# Definition:Subdivision (Real Analysis)

## Definition

Let $\closedint a b$ be a closed interval of the set $\R$ of real numbers.

### Finite

Let $x_0, x_1, x_2, \ldots, x_{n - 1}, x_n$ be points of $\R$ such that:

$a = x_0 < x_1 < x_2 < \cdots < x_{n - 1} < x_n = b$

Then $\set {x_0, x_1, x_2, \ldots, x_{n - 1}, x_n}$ form a finite subdivision of $\closedint a b$.

### Infinite

Let $x_0, x_1, x_2, \ldots$ be an infinite number of points of $\R$ such that:

$a = x_0 < x_1 < x_2 < \cdots < x_{n - 1} < \ldots \le b$

Then $\set {x_0, x_1, x_2, \ldots}$ forms an infinite subdivision of $\closedint a b$.

## Normal Subdivision

$P$ is a normal subdivision of $\closedint a b$ if and only if:

the length of every interval of the form $\closedint {x_i} {x_{i + 1} }$ is the same as every other.

That is, if and only if:

$\exists c \in \R_{> 0}: \forall i \in \N_{< n}: x_{i + 1} - x_i = c$

## Higher Dimensions

### Rectangle

Let $R = \closedint {a_1} {b_1} \times \dotso \times \closedint {a_n} {b_n}$ be a closed rectangle in $\R^n$.

Let:

$P = \tuple {P_1, \dotsc, P_n}$

where every $P_i$ is a finite subdivision of $\closedint {a_i} {b_i}$.

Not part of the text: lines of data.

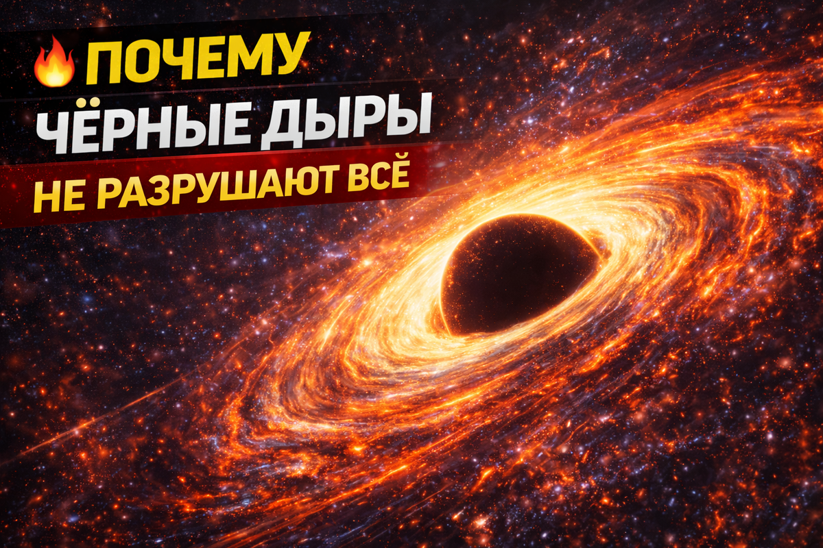 Когда слышишь слова "чёрная дыра", воображение рисует космический пылесос, который втягивает звёзды, планеты и целые галактики. Кажется, что если где-то рядом образуется такая штука - всё обречено. Но реальность гораздо спокойнее. Чёрные дыры существуют почти в каждой крупной галактике. И при этом Вселенная не превращается в хаос. Более того - без них она могла бы выглядеть совсем иначе. Так почему же они не уничтожают всё вокруг? Начнём с главного. Чёрная дыра - это объект с чрезвычайно сильной гравитацией, возникший после коллапса массивной звезды. Если масса звезды превышает примерно 20 солнечных, её ядро может сжаться до состояния, из которого даже свет не может вырваться. Но важно понимать: гравитация чёрной дыры на расстоянии ничем не отличается от гравитации обычной звезды той же массы. Если бы Солнце внезапно заменили чёрной дырой такой же массы, Земля продолжала бы вращаться по той же орбите. Она не была бы мгновенно "засосана". Просто стало бы темно. Опасность чёрной дыры сущ
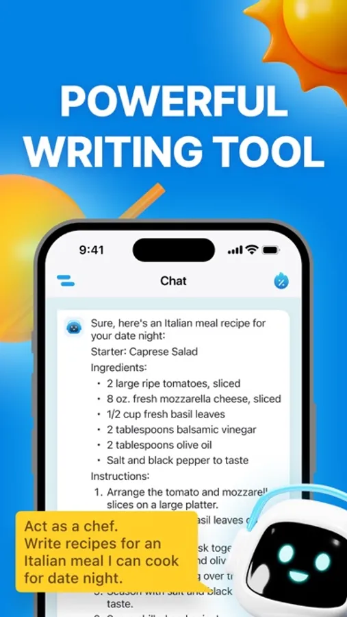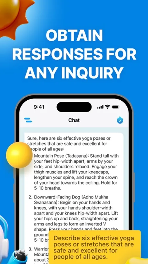 In this application you will find the answer to any question: solve a math problem, write a poem or a song, write an essay, plan a vacation, make a personalized meal plan and solve many other problems.
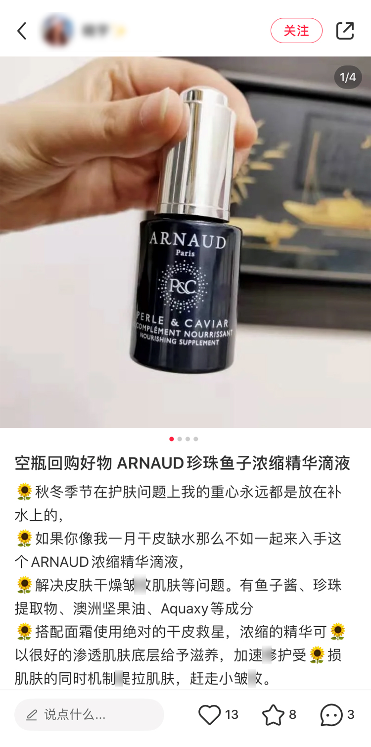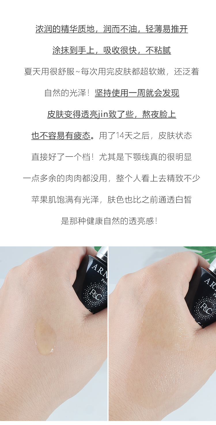 ARNAUD是法国美容院线的品牌,小众确是一颗不折不扣的大宝藏!Arnaud博士创始人于1940年建立,到现在已有八十多年的品牌历史,迄今已在30多个国家热销!曾经在某东有旗舰店,如今撤离了,这款鱼子酱精华是它家醉高端的系列,用料奢华,跟莱*妮走的是同样的路线,以前都是698元一只,

Then $P$ is a finite subdivision of the closed rectangle $R$.

## Also known as

Some sources use the term partition for the concept of a subdivision.

However, the latter term has a different and more general definition, so its use is deprecated on $\mathsf{Pr} \infty \mathsf{fWiki}$.